Document the env var (AC-4). Required content:

- The env var name is exactly `PYRYCODE_RELAY_SINGLE_INSTANCE`. Setting it to `1` skips the startup self-check shipped in #65.
- Intended use cases: **emergency rollback** (the self-check itself misfires and blocks startup), and **migration windows** (operator is in the middle of switching to a multi-instance topology and accepts the routing breakage transiently).
- **NOT recommended for production.** Setting it permanently silences a check whose entire purpose is to catch the silent-routing-failure mode this section documents.
- The variable name is the shared contract between this document and #65. If #65 lands with a different name, this section is updated in the same change set. (This sentence may be omitted if it reads as agent-internal scaffolding — the operator-facing version is "the variable name matches what the relay binary checks at startup".)

A one-line code block showing the variable form is fine:

```text
PYRYCODE_RELAY_SINGLE_INSTANCE=1
```

#### Optional cross-link

The ticket notes a cross-link to `docs/threat-model.md` is allowed only if natural. Recommendation: **skip it.** The threat model catalogues adversarial threats (DoS, supply chain, TLS, log hygiene). Operator misconfiguration that silently degrades routing is a different category — it is not an attack, it is a foot-gun. Adding a "see also" link conflates them. If a future ticket adds an "operator foot-guns" section to the threat model, link it then.

### Constraints on prose style

- Match the existing tone of `docs/architecture.md`: declarative, present-tense, no marketing voice. The existing file says "Read message payloads. Frames are opaque bytes." That is the target register.
- Do not duplicate the per-feature detail that already lives in `docs/knowledge/features/docker-image.md`. The architecture doc states the constraint; the features doc states host-wiring detail. Refer by name (`#65`) for the enforcement detail rather than restating it.
- Do not name a target release for multi-instance support. The constraint is "v1 is single-instance"; v2 is not a commitment.

## Concurrency model

N/A — doc-only.

## Error handling

N/A — doc-only.

## Testing strategy

No automated tests. Verification is by reading the diff against the acceptance criteria:

1. The new section's heading text contains the substring "single-instance" (case-insensitive grep against the rendered heading).
2. The section names the in-memory registry, the two-disjoint-registries failure mode, and the resulting `4404` symptom.
3. The section enumerates at least the two multi-instance paths (shared registry, sticky-on-header) and labels them as future work, not commitments.
4. The section contains the exact string `PYRYCODE_RELAY_SINGLE_INSTANCE` and explains: what setting it skips, when it is acceptable, and that it is not recommended for production.
5. No file outside `docs/architecture.md` is changed.
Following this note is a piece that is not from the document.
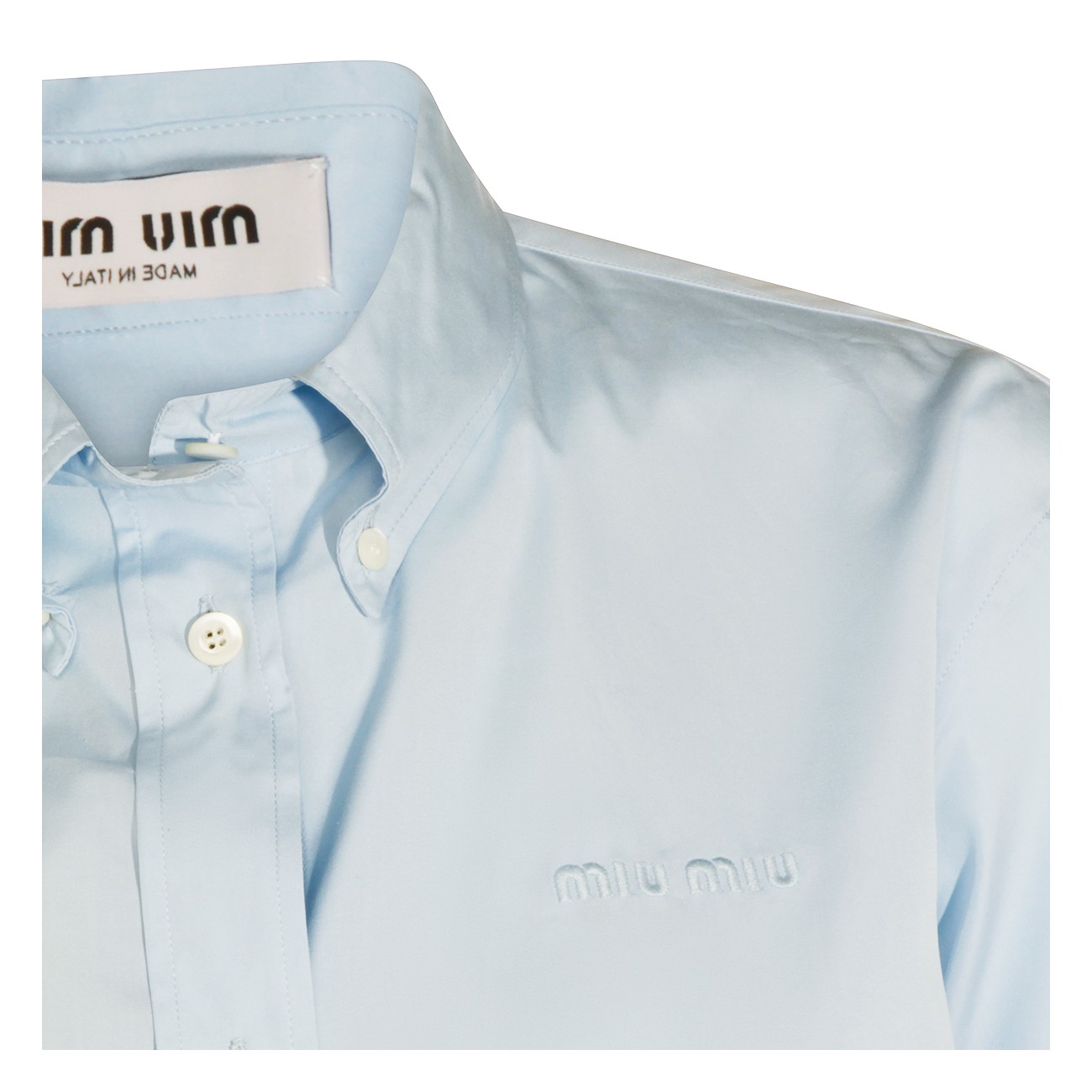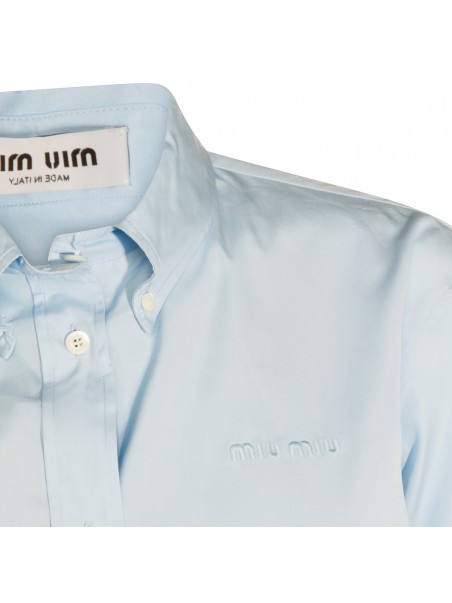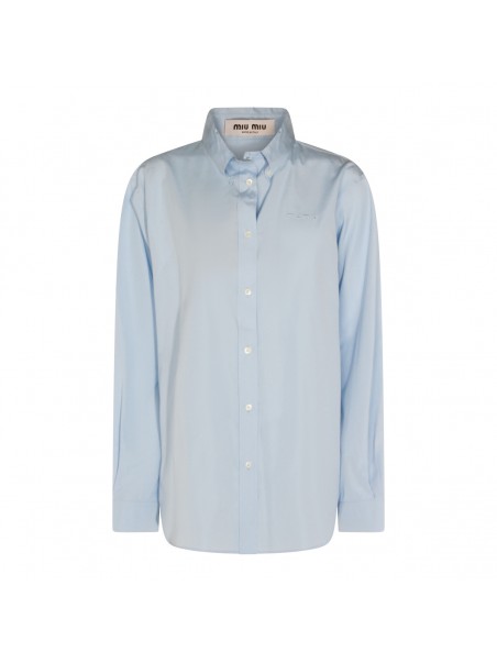 Light blue cotton shirt from Miu Miu featuring long sleeves, shirt collar, buttons fastening and regular vestibility.

A developer who finishes the edit should run `grep -n single-instance docs/architecture.md` and `grep -n PYRYCODE_RELAY_SINGLE_INSTANCE docs/architecture.md` to confirm AC-1 and AC-4 are literally satisfied before committing.

## Open questions

1. **Env var name.** The ticket nominates `PYRYCODE_RELAY_SINGLE_INSTANCE`. The architect for #65 may pick a different name. Resolution at merge time, not at spec time: whichever of #64 and #65 lands second updates the other to match. Both this doc PR and the #65 implementation PR carry the same env var name at merge.
2. **Future "operator foot-guns" threat-model section.** Out of scope for this ticket. Filed implicitly as something to consider when a sibling ticket touches `docs/threat-model.md`.

## Why not split further

The work is one heading + ~30 lines of prose in one file. There is no fan-out, no cross-package coordination, no test surface. Splitting would produce two tickets that each rewrite the same paragraph.